▶ Data provided
· · · ·
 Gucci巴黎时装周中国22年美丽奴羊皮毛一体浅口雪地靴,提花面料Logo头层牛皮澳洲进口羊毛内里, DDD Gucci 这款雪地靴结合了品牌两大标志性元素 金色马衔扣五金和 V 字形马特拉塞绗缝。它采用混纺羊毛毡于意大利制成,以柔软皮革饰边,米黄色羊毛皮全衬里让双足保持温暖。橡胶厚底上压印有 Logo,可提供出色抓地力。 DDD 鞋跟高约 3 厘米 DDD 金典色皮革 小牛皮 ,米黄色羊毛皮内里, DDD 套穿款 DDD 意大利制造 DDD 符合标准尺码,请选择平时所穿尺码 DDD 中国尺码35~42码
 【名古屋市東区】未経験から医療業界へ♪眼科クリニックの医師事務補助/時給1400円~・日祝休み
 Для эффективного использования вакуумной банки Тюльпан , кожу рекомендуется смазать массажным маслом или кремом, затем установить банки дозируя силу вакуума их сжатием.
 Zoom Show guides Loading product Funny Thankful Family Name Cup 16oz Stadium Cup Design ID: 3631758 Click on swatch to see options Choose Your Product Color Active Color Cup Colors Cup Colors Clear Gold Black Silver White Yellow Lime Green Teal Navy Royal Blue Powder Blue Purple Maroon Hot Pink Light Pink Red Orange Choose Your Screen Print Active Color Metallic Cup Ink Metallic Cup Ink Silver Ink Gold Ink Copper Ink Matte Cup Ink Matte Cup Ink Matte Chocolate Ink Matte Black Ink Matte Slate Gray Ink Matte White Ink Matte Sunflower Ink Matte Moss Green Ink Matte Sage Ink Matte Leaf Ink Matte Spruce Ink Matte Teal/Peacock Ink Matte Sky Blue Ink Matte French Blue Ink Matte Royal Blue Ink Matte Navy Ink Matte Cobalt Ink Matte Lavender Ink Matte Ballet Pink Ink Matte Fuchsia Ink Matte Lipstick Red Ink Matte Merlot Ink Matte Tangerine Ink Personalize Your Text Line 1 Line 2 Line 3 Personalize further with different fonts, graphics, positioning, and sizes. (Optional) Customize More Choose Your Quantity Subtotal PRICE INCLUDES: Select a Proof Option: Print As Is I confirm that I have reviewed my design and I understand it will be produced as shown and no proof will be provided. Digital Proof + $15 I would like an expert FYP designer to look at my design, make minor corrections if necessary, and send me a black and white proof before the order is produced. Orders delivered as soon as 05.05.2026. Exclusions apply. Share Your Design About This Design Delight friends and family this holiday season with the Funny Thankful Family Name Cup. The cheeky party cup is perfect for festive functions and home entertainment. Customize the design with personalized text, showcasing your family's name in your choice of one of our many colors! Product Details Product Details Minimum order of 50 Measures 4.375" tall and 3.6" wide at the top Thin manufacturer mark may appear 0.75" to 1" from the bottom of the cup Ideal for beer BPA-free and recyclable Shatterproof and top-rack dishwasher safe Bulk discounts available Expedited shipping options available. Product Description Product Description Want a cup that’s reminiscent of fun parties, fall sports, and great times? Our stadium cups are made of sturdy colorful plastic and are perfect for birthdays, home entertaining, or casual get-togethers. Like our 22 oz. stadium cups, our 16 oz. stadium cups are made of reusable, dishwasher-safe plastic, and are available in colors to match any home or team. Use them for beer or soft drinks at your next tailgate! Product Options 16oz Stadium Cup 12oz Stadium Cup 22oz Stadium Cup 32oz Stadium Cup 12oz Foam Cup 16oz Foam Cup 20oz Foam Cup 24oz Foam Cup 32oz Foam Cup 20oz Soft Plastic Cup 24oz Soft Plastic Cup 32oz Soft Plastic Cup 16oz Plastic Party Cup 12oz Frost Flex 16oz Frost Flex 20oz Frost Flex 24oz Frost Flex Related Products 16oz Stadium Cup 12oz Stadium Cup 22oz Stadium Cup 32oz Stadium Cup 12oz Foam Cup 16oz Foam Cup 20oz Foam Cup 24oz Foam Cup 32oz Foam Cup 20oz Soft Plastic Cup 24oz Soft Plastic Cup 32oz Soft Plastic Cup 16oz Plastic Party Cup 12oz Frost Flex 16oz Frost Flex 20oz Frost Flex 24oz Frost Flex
· · · ·
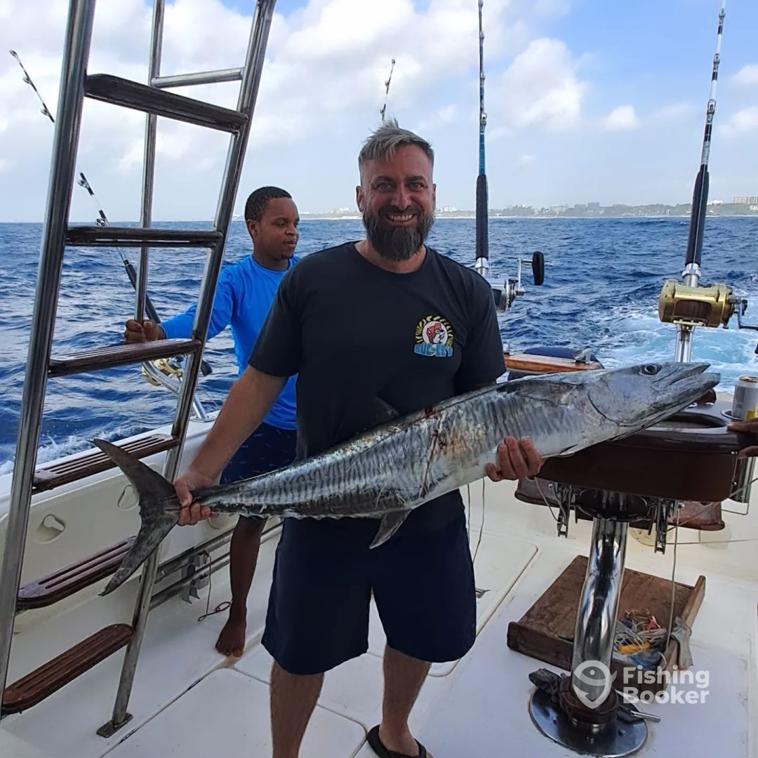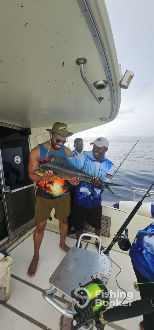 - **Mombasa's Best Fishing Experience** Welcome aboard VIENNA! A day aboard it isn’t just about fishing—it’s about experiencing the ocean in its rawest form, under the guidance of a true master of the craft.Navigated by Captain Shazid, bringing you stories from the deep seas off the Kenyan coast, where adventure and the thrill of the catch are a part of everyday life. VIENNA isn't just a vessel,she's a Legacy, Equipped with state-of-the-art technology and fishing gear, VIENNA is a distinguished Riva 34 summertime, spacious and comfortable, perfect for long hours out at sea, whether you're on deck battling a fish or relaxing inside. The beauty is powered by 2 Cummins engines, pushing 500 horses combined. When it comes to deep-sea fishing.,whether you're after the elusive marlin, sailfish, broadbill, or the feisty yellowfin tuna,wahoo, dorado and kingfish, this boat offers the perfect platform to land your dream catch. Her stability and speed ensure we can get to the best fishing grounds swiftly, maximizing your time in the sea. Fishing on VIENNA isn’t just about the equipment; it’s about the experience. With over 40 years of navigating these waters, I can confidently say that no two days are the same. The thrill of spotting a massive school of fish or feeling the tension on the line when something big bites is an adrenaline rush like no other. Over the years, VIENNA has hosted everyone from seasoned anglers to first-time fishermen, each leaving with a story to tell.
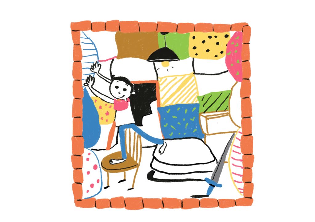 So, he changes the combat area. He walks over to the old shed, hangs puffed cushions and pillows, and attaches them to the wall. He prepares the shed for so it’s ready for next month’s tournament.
· · · ·
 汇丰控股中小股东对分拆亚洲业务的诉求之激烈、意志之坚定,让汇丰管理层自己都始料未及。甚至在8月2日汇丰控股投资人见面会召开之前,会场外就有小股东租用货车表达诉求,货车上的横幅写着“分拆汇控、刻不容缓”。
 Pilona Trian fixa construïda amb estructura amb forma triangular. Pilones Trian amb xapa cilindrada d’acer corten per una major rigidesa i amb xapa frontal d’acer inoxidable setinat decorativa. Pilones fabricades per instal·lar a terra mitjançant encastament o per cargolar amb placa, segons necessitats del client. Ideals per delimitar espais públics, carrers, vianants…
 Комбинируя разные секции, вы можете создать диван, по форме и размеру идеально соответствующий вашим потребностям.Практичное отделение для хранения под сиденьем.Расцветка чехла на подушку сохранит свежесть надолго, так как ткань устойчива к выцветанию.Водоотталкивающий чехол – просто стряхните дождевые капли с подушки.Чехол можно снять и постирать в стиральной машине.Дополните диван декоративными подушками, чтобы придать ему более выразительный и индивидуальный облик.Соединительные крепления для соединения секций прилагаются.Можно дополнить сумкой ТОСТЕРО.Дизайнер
· · · ·
▶ Exercise description
Print only what lies in the material above starting at the line with "Gucci巴黎时装周中国22年美丽奴羊皮毛一体浅口雪地靴,提花面料Logo头层牛皮澳洲进口羊毛内里, DDD Gucci" and ending at the line with "Для эффективного использования", every line exactly as given.

▶ Result for this task
 Gucci巴黎时装周中国22年美丽奴羊皮毛一体浅口雪地靴,提花面料Logo头层牛皮澳洲进口羊毛内里, DDD Gucci 这款雪地靴结合了品牌两大标志性元素 金色马衔扣五金和 V 字形马特拉塞绗缝。它采用混纺羊毛毡于意大利制成,以柔软皮革饰边,米黄色羊毛皮全衬里让双足保持温暖。橡胶厚底上压印有 Logo,可提供出色抓地力。 DDD 鞋跟高约 3 厘米 DDD 金典色皮革 小牛皮 ,米黄色羊毛皮内里, DDD 套穿款 DDD 意大利制造 DDD 符合标准尺码,请选择平时所穿尺码 DDD 中国尺码35~42码
 【名古屋市東区】未経験から医療業界へ♪眼科クリニックの医師事務補助/時給1400円~・日祝休み
 Для эффективного использования вакуумной банки Тюльпан , кожу рекомендуется смазать массажным маслом или кремом, затем установить банки дозируя силу вакуума их сжатием.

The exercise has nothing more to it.